И Луначарский рассказал о нем как о режиссере очень способном, но и очень легкомысленном, увлекающемся некоторыми худшими сторонами «буржуазной цивилизации».
Характеристика Луначарского оказалась пророческой. Грановский обнаружил свое «легкомыслие» не только в том, что очутился в числе белоэмигрантов, но и в том, что окончательно потерял себя за границей, где бесславно умер в крайней нужде.
Но на первых порах существования Еврейского театра Грановский делал очень много, чтобы определить {205} место этого коллектива и его роль в художественной жизни столицы.
Кажется, на другой день после разговора с Луначарским я пришел в этот театр. Он помещался на Малой Бронной. Идя туда, я вспоминал все то, что знал о старом, дореволюционном еврейском театре. Это было совсем немного. Раз или два пришлось мне посетить спектакли еврейской труппы Фишзона, кочевавшей по городам и местечкам Украины и Белоруссии. Труппа называлась то «Русско-немецкой», то «Еврейско-немецкой». Актеры говорили на немыслимом жаргоне, играли трескучие мелодрамы, квазиисторические пьесы или пошлые фарсы, рассчитанные на мелкобуржуазную, мещанскую публику. Как-то я видел и самого Фишзона, в весьма скромной роли просителя в Петербургском комитете по делам печати, попросту в драматической цензуре. Щеголеватый цензор, изящно грассируя под петербургского аристократа и играя золотым карандашиком, доказывал Фишзону, что он никак не может «пропустить» пьесу, в которой изображен герой-двоеженец.
— По существующим законоположениям, — сухо отчеканивал цензор, — самая идея двоеженства не может себе находить места на наших сценах.
Раскрасневшийся от волнения Фишзон ерзал на стуле, что-то бормотал и, наконец, твердо сказал:
— Тогда я одну жену отправлю в Америку.
Тут мне пришлось уйти из цензорского кабинета, я так и не узнал, чем же кончилось дело. Но этот маленький случай как бы отразил те трудности и преграды, которые стояли на пути не только еврейского, но и всех национальных театров царской империи.

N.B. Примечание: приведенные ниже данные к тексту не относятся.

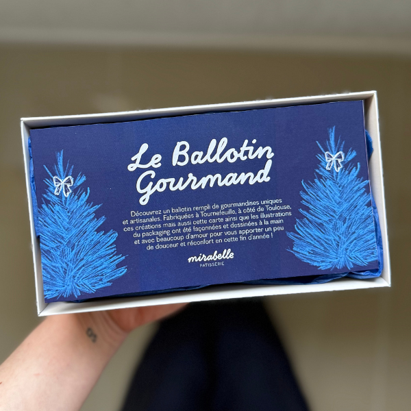 Voici des ballotins de gourmandises artisanales et uniques ! Cette année, faites votre choix entre 3 ballotins : les Incontournables, les Créations ou les Confiseries. Chaque création est exclusive ! Ces coffrets sont entièrement réalisés à la main : des illustrations du packaging aux biscuits et confiseries qui les composent. Pour offrir ou bien pour déguster les créations Mirabelle Pâtisserie avec vos proches, c'est un coffret de biscuits idéal où il y en a pour tous les goûts ! Des grands classiques, des nouveautés, des spécialités de Noël... Choisissez celui qui vous fera le plus envie !
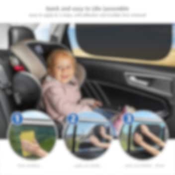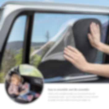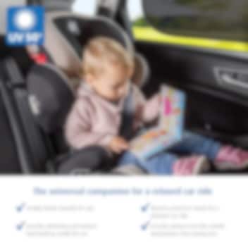 Ihopfällbart och praktiskt solskydd (2 st) till bilens sidofönster. Reer TravelKid Black är självfästande (utan sugproppar) och gjort i sk "pop-up-teknik" vilket gör det enkelt att sätta upp och ta ned solskyddet. Solskyddet är rejält i storlek (51 x 34 cm) och skyddar mot solens strålar med bibehållen uppsikt för föraren. Solskyddet är universalt och passar de flesta bilmodeller.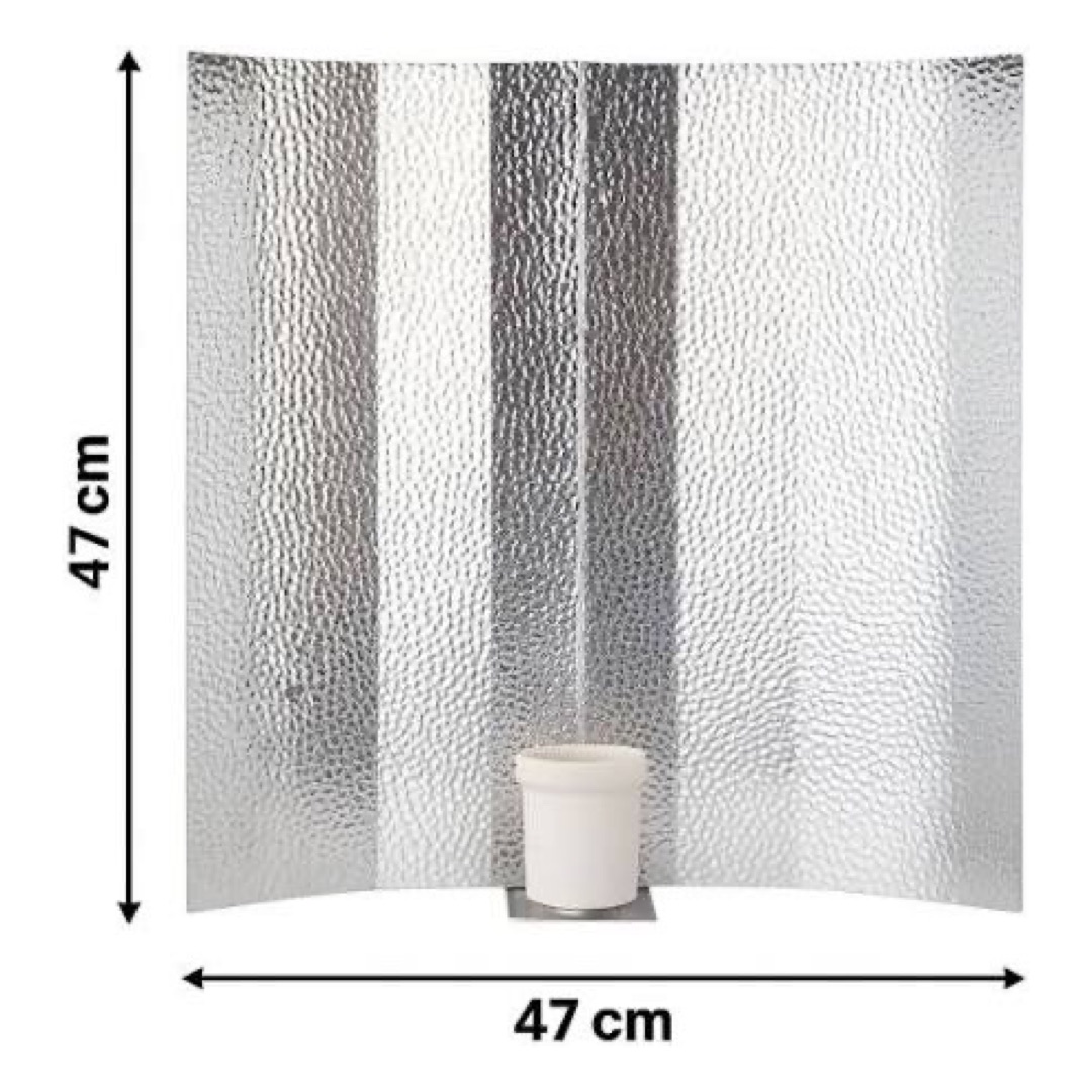 Der Hammerschlagreflektor 47 × 40 cm ist ein effizienter Reflektor für den Einsatz mit E40-Leuchtmitteln wie Natriumdampf- oder Metallhalogenlampen. Durch die spezielle Hammerschlagstruktur wird das Licht gleichmäßig verteilt und optimal auf die Pflanzenfläche gelenkt. So lässt sich die vorhandene Lichtleistung effektiv nutzen und der Ertrag im Indoor-Anbau steigern.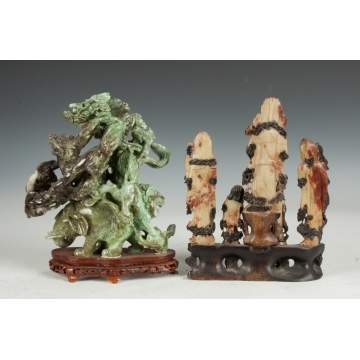 | Carved hardstone dragon, elephant, & foo dog. Carved soapstone figures, have been broken & reglued. |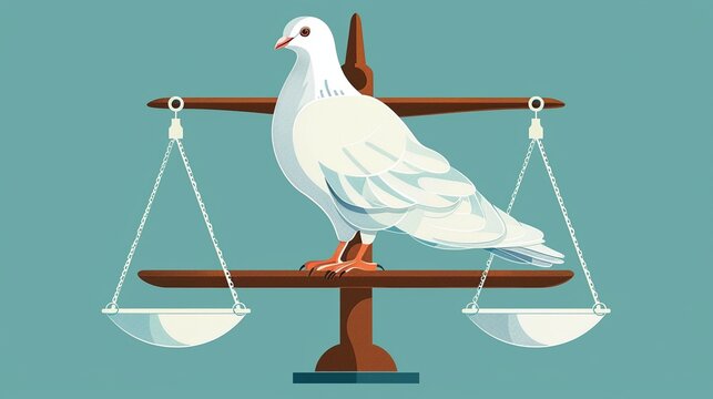 White dove sitting on scales background image. protecting world peace with laws 2d illustration wallpaper picture backdrop. Conflict concept for business presentation corporate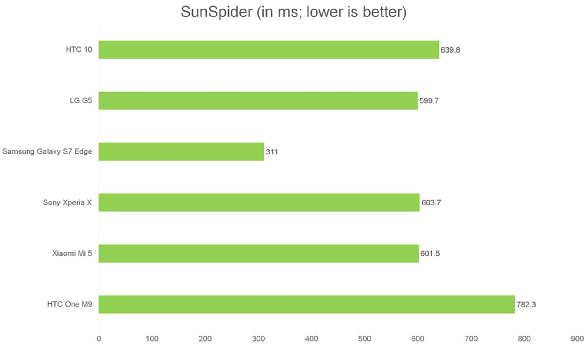 SunSpider JavaScript measures the browsing performance of a device when processing JavaScript. It not only takes into consideration the underlying hardware performance, but also assesses how optimized a particular platform is at delivering a high-speed web browsing experience. While the HTC 10 didn't outrun its peers in this benchmark, we actually found its real-world browser performance to measure up nicely against its rivals.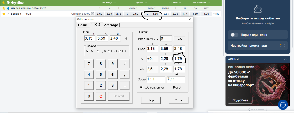 kelbr 112 Опубликовано 1 час назад Поделиться Опубликовано 1 час назад вот как пример | Рынок | Исход | Коэффициент | | :------------------: | :-----------------------: | :---------: | | **1X2** | Хозяева | 3.22 | | | Ничья | 3.51 | | | Гости | 2.47 | | **Двойной шанс** | Хозяева не проиграют (1X) | 1.68 | | | Ничьей не будет (12) | 1.40 | | | Гости не проиграют (X2) | 1.45 | | **Тотал** | Больше 0.5 | 1.09 | | | Меньше 0.5 | 12.73 | | | Больше 1 | 1.11 | | | Меньше 1 | 9.96 | | | Больше 1.5 | 1.42 | | | Меньше 1.5 | 3.37 | | | Больше 2 | 1.69 | | | Меньше 2 | 2.44 | | | Больше 2.5 | 2.34 | | | Меньше 2.5 | 1.74 | | | Больше 3 | 3.78 | | | Меньше 3 | 1.36 | | | Больше 3.5 | 4.85 | | | Меньше 3.5 | 1.26 | | | Больше 4 | 10.84 | | | Меньше 4 | 1.10 | | | Больше 4.5 | 12.39 | | | Меньше 4.5 | 1.09 | | **Фора (Азиатская)** | Хозяева +1.5 | 1.20 | | | Гости -1.5 | 5.89 | | | Хозяева +1 | 1.29 | | | Гости -1 | 4.50 | | | Хозяева 0 (DNB) | 2.31 | | | Гости 0 (DNB) | 1.77 | | | Хозяева -1 | 7.06 | | | Гости +1 | 1.16 | | | Хозяева -1.5 | 8.79 | | | Гости +1.5 | 1.13 | | **Обе забьют** | Да | 1.94 | | | Нет | 2.06 | | **ИТ Хозяева** | Больше 0.5 | 1.45 | | | Меньше 0.5 | 3.20 | | | Больше 1 | 2.05 | | | Меньше 1 | 1.95 | | | Больше 1.5 | 3.36 | | | Меньше 1.5 | 1.42 | | | Больше 2 | 8.90 | | | Меньше 2 | 1.13 | | | Больше 2.5 | 11.25 | | | Меньше 2.5 | 1.10 | | | Больше 3 | 48.66 | | | Меньше 3 | 1.02 | | | Больше 3.5 | 52.31 | | | Меньше 3.5 | 1.02 | | | Больше 4 | 313.86 | | | Меньше 4 | 1.00 | | | Больше 4.5 | 318.96 | | | Меньше 4.5 | 1.00 | | **ИТ Гости** | Больше 0.5 | 1.34 | | | Меньше 0.5 | 3.98 | | | Больше 1 | 1.69 | | | Меньше 1 | 2.45 | | | Больше 1.5 | 2.74 | | | Меньше 1.5 | 1.58 | | | Больше 2 | 6.07 | | | Меньше 2 | 1.20 | | | Больше 2.5 | 7.98 | | | Меньше 2.5 | 1.14 | | | Больше 3 | 29.11 | | | Меньше 3 | 1.04 | | | Больше 3.5 | 32.14 | | | Меньше 3.5 | 1.03 | | | Больше 4 | 165.36 | | | Меньше 4 | 1.01 | | | Больше 4.5 | 169.64 | | | Меньше 4.5 | 1.01 | Цитата Ссылка на комментарий https://brcbet.com/topic/429766-moya-proga-mozhet-komu-prigoditsya/page/17/#findComment-525018 Поделиться на другие сайты Поделиться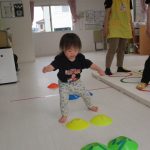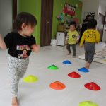 並んだカラーコーンを踏まないように通ったり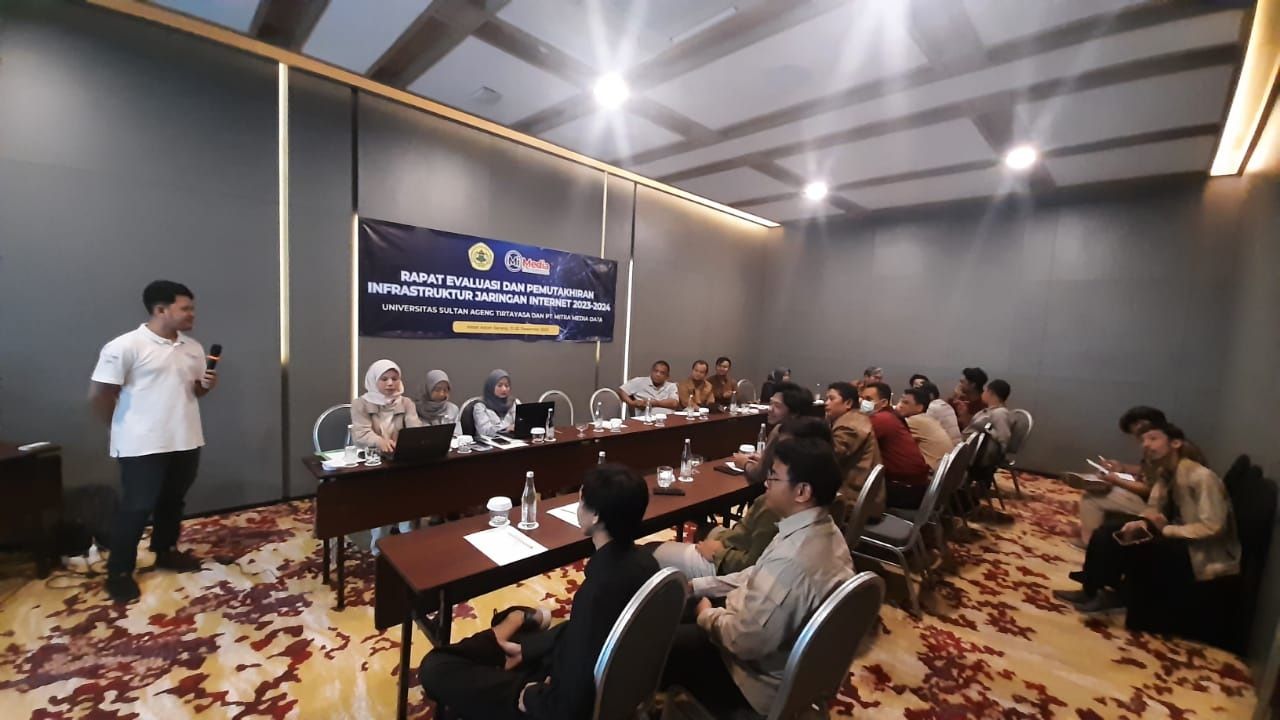 Unit Penunjang Akademik Teknologi Informasi dan Komunikasi (UPA TIK) yang dulu dikenal sbg UPT. Pusdainfo mengadakan Rapat Evaluasi dan Pemutakhiran Informasi Teknologi pada tanggal 21 – 22 Desember 2022 di Hotel Aston Serang. Kegiatan ini diselenggarakan dalam rangka memperkuat infrastruktur jaringan internet diseluruh lokasi kampus Universitas Sultan Ageng Tirtayasa pada tahun 2024 nanti. Selain dari seluruh jajaran dan staf UPA TIK, hadir juga dari pihak penyedia jasa Internet atau provider PT. Mitra Media Data yang mana merupakan mitra kerja Untirta dalam jasa provider yang melayani pengadaan dan membantu stabilitas jaringan internet di Untirta.
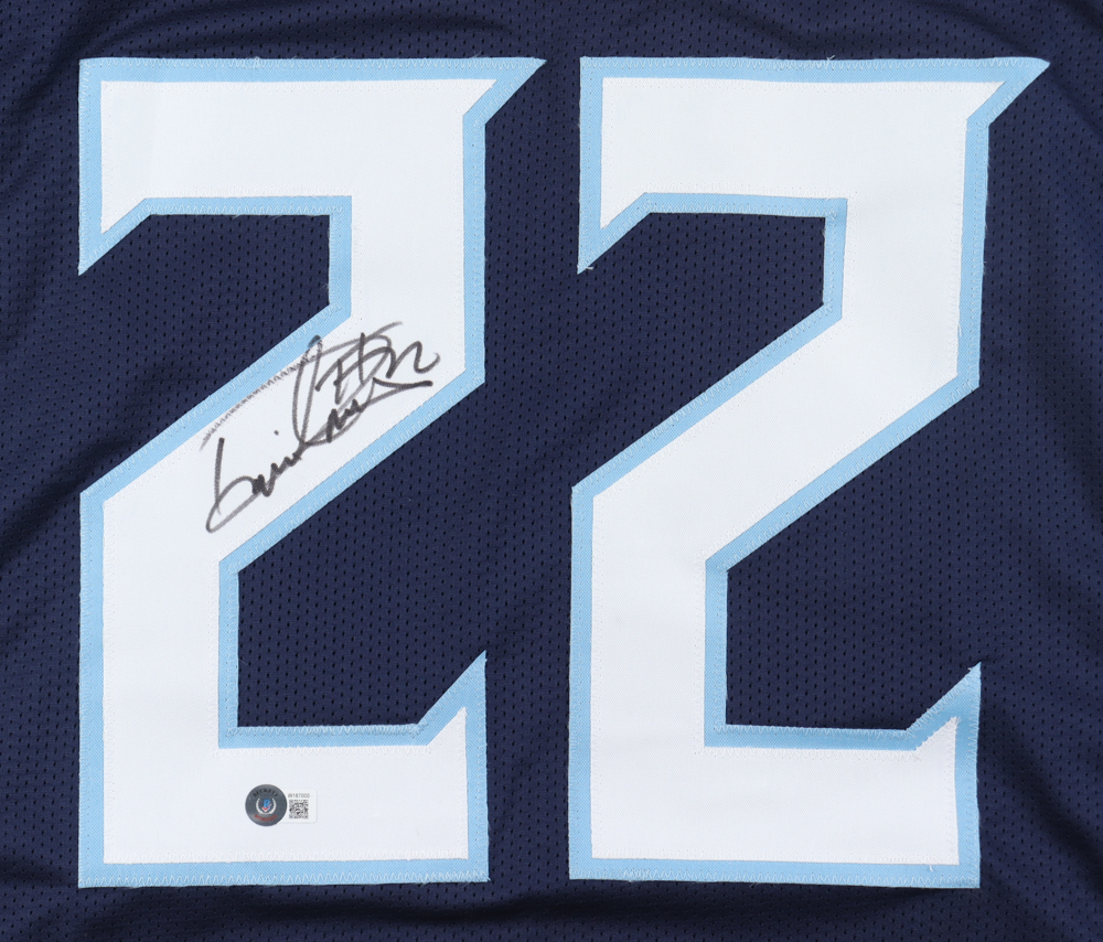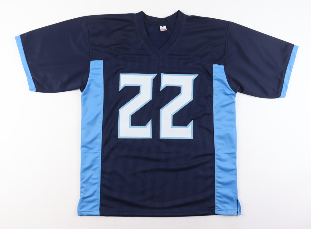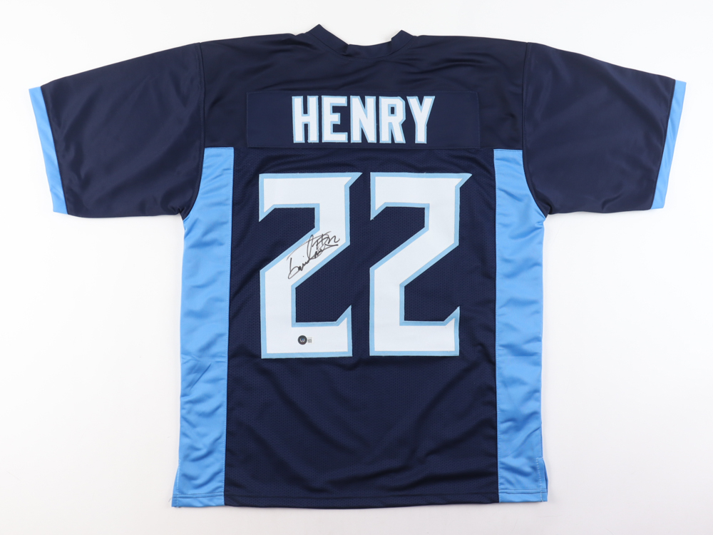Custom jersey with everything sewn on, size XL. Hand-signed by Derrick Henry.

Если вы хотите познакомиться с жизнью французских бродячих трупп XVII века, к вашим услугам бессмертные страницы «Комического романа» Скарропа. {206} Сколько бесшабашного веселья, чисто галльской гривуазности и легкого юмора в забавных похождениях французских актеров той поры!..
Но если вы хотите, хотя бы в самой малой степени, приобщиться к крестному пути еврейских комедиантов XIX столетия, понять те лишения и страдания, которые выпали на их долю, — прочтите «Блуждающие звезды» Шолом-Алейхема.
Бродячие еврейские актеры играли где придется — в старом сарае, в хлебном амбаре, полусгоревшей риге или на открытом воздухе, перед корчмой. Стулья, табуреты, скамейки, собранные где только возможно, заполняли «партер» для зрителей. Пеньковые усы и бороды, румяна и белила, пестрые лохмотья — костюмы и аксессуары актерского преображения.
Искусство еврейских комедиантов строилось на чисто народной основе. Связанное первоначально с религиозным праздником «пурим», оно приобрело затем совершенно светский характер и никак не зависело от еврейских церковников.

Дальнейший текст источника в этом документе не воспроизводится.